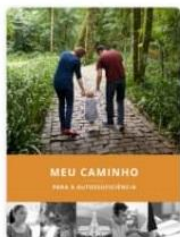
Meu Caminho para a Autossuficiência
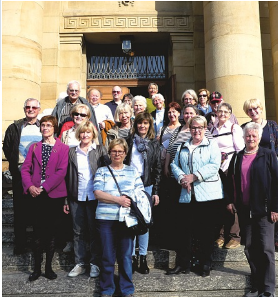
Lust auf Theater: Am 28. März besuchten 26 Mitglieder der Schweizer Gesellschaft Stuttgart das Staatstheater Stuttgart. Es gab einen hochinteressanten Einblick, über die Vorgänge hinter den Kulissen.
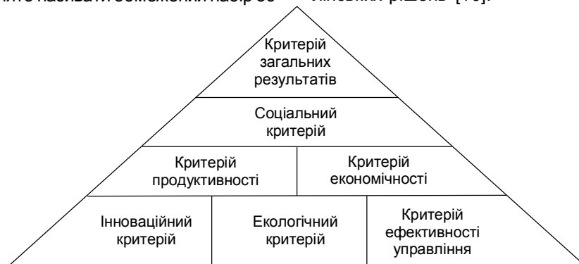
Рис. 1. "Піраміда" взаємозв'язків критеріїв ефективності стимулювання соціально-економічного розвитку регіону.

новних параметрів, які використовуються для відстежування й діагностики результатів діяльності компанії та подальшого ухвалення на їх основі управлінських рішень [10].
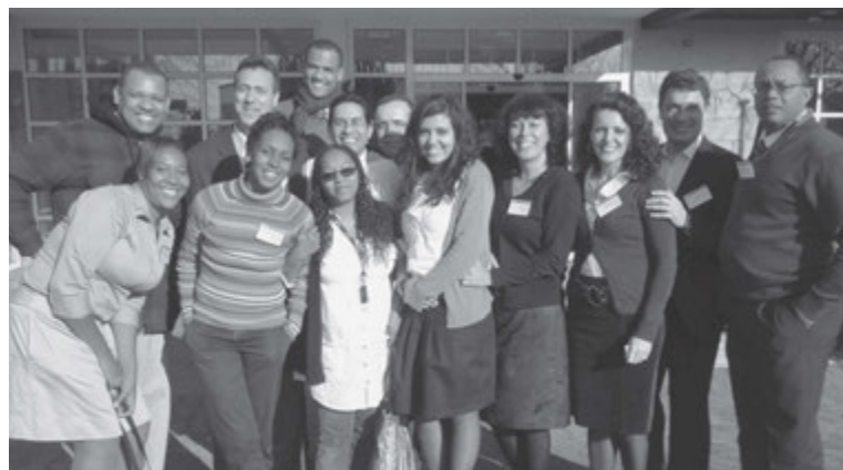
Líderes do EFY 2012 para Portugal e Cabo Verde.
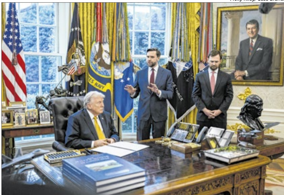
Trump estica o prazo para a reabertura do estreito de Hormuz, prometendo ‘explodir tudo’

Mas os entraves seguem os mesmos que levaram Trump a deixar o acordo em 2018: os ira-
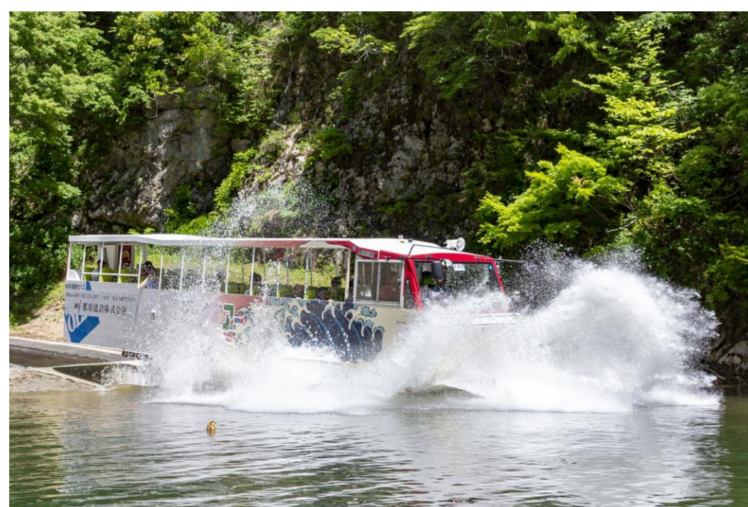
水陸両用バスinながい百秋湖(長井市)
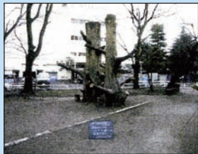
コンクリートの木 撤去

赤羽公園の遊具について、北区がおこなったアンケートの集計結果が、このほどまとまりました。アンケートは、キリンの滑り台を復活させる案（選択肢①）、コンビネーション遊具を新設する案（選択肢②）、「大空の門」をミニメントとして残す案（選択肢③）から1つを選ぶ形式。近隣の小学校、保育園、幼稚園などから1928人の回答があり、選択肢②を選んだ人が54%でした。 区は、7月1日に住民説明会を開催し、今後の方針について意見交換をおこなうとしています。
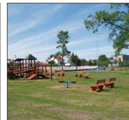
Skate-park w Starych Pieścirogach

urządzenie placu pod teren sportowo-rekreacyjny wraz z placem zabaw dla dzieci w Starych Pieścirogach gm. Nasielsk” – powstał tzw. skate-park w Starych Pieścirogach,

◆ ASSIGNMENT
Your task is to repeat the records exactly. Images do not belong in the copy.

◆ ANSWER FOR THIS EXERCISE
Meu Caminho para a Autossuficiência
Lust auf Theater: Am 28. März besuchten 26 Mitglieder der Schweizer Gesellschaft Stuttgart das Staatstheater Stuttgart. Es gab einen hochinteressanten Einblick, über die Vorgänge hinter den Kulissen.
Рис. 1. "Піраміда" взаємозв'язків критеріїв ефективності стимулювання соціально-економічного розвитку регіону.

новних параметрів, які використовуються для відстежування й діагностики результатів діяльності компанії та подальшого ухвалення на їх основі управлінських рішень [10].
Líderes do EFY 2012 para Portugal e Cabo Verde.
Trump estica o prazo para a reabertura do estreito de Hormuz, prometendo ‘explodir tudo’

Mas os entraves seguem os mesmos que levaram Trump a deixar o acordo em 2018: os ira-
水陸両用バスinながい百秋湖(長井市)
コンクリートの木 撤去

赤羽公園の遊具について、北区がおこなったアンケートの集計結果が、このほどまとまりました。アンケートは、キリンの滑り台を復活させる案（選択肢①）、コンビネーション遊具を新設する案（選択肢②）、「大空の門」をミニメントとして残す案（選択肢③）から1つを選ぶ形式。近隣の小学校、保育園、幼稚園などから1928人の回答があり、選択肢②を選んだ人が54%でした。 区は、7月1日に住民説明会を開催し、今後の方針について意見交換をおこなうとしています。
Skate-park w Starych Pieścirogach

urządzenie placu pod teren sportowo-rekreacyjny wraz z placem zabaw dla dzieci w Starych Pieścirogach gm. Nasielsk” – powstał tzw. skate-park w Starych Pieścirogach,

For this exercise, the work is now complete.